Darkfever was published by Delacorte Press in November 2006 in the United States and in the United Kingdom on September 8, 2011 by Orion Publishing Group.

Publishers Weekly review stated that Darkfever was a "A compelling world filled with mystery and vivid character...will stoke readers’ fervor for Bloodfever, the next installment." Nina Davis of Booklist wrote "Time-travel-travel romance maven Moning reshapes her Celtic lore for a radically different and engaging new dark fantasy series." John Charles from the Chicago Tribune says "Suffused with a seductive mix of Celtic mythology and dark, sexy danger, Darkfever is the first in a beguiling new paranormal romance series." Fellow Fantasy writer Charlaine Harris said the novel was "A wonderful dark fantasy…give yourself a treat and read outside the box."

==Film adaptation==
DreamWorks acquired rights in August 2011 to make a film adaption of Darkfever; Touchstone Pictures was to distribute the film. However, in August, 2013, Moning announced on her Facebook Page that she had bought the rights back.
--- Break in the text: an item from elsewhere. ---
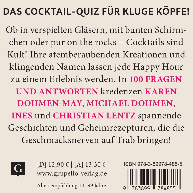 Ob in verspielten Gläsern, mit bunten Schirmchen oder pur on the rocks - Cocktails gibt es für jeden Geschmack. Hobbymixer in der heimischen Küche zaubern ebenso wie Profis an der Bar köstliche Kreationen aus Spirituosen und Säften. Doch wer hat eigentlich den ersten Cocktail gemixt? Und warum wird James Bonds Martini geschüttelt und nicht gerührt? Hier heißt es: Miträtseln und neben den Geschmacksnerven auch die Gehirnzellen auf Trab bringen!Stilvoll, elegant und immer eine gute Idee: Die Reihe "Quiz im Quadrat" präsentiert sich in modernem Design und sorgt für unterhaltsamen Rätselspaß - verpackt in einer edlen Geschenkbox. Perfekt als besondere 'Grußkarte' mit Mehrwert - zum Verschenken oder Selberfreuen!

There has been no further news regarding the movie.

==Sequels==
The Fever Series continues with eight more books, so far:
- Bloodfever (August 2008)
- Faefever (July 2009)
- Dreamfever (October 2010)
- Shadowfever (January 2011)
- Fever Moon, a graphic novel (October 2012)
- Iced, a Dani O'Malley novel (October 2012)
- Burned (January 2015)
- Feverborn (January 2016)
- Feversong (January 2017)
- High Voltage (March 2018)
- Kingdom of Shadow and Light (Feb 2021)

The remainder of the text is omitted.